## WORK INSTRUCTION:
I'd like the full listing transcribed exactly, with no images included.

## SUPPLIED DATA:
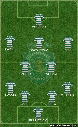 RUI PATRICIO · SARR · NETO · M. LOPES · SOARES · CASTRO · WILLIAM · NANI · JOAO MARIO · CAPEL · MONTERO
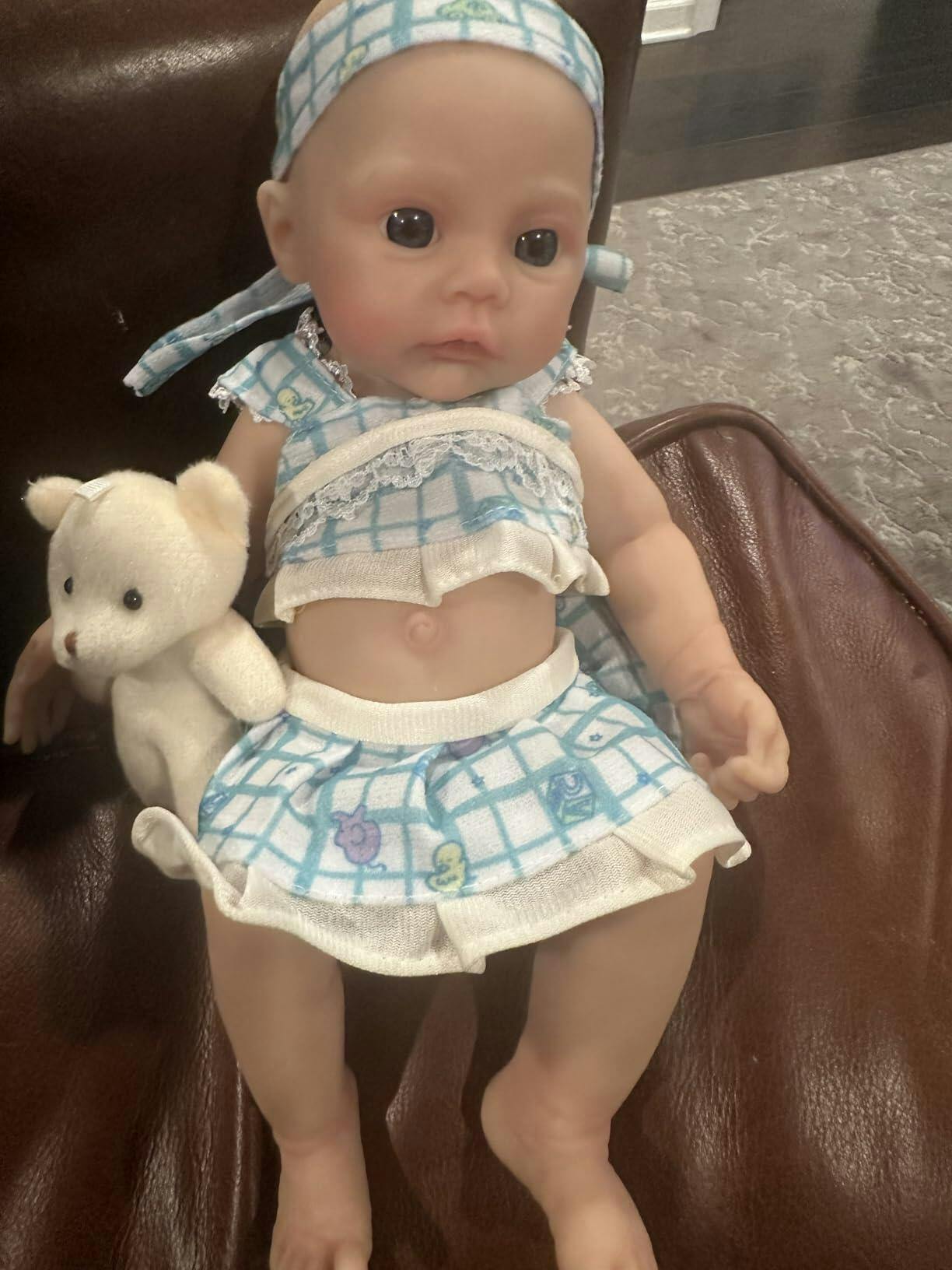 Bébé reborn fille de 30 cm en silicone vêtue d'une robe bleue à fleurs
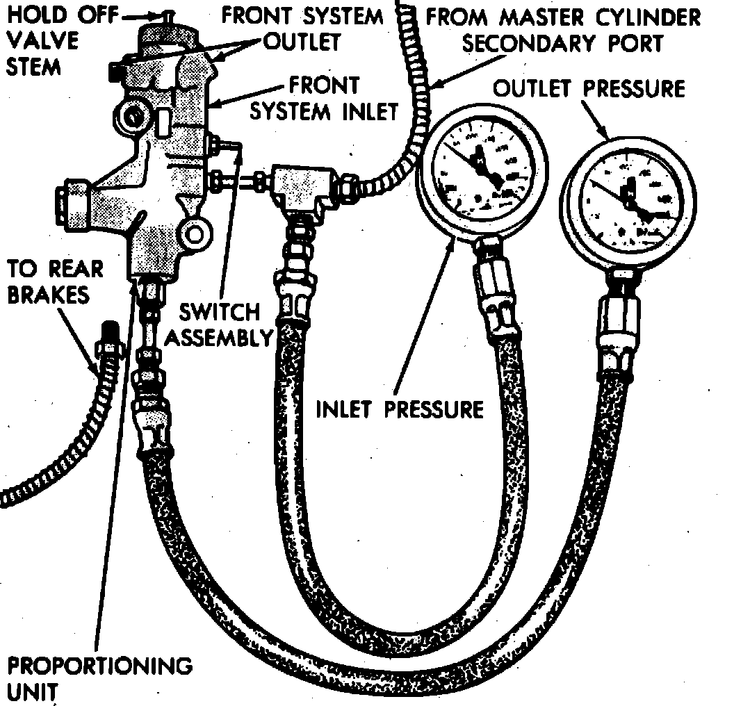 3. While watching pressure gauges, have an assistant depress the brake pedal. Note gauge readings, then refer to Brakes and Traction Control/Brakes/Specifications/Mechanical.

## RESPONSE TO THE EXERCISE:
 RUI PATRICIO · SARR · NETO · M. LOPES · SOARES · CASTRO · WILLIAM · NANI · JOAO MARIO · CAPEL · MONTERO
 Bébé reborn fille de 30 cm en silicone vêtue d'une robe bleue à fleurs
 3. While watching pressure gauges, have an assistant depress the brake pedal. Note gauge readings, then refer to Brakes and Traction Control/Brakes/Specifications/Mechanical.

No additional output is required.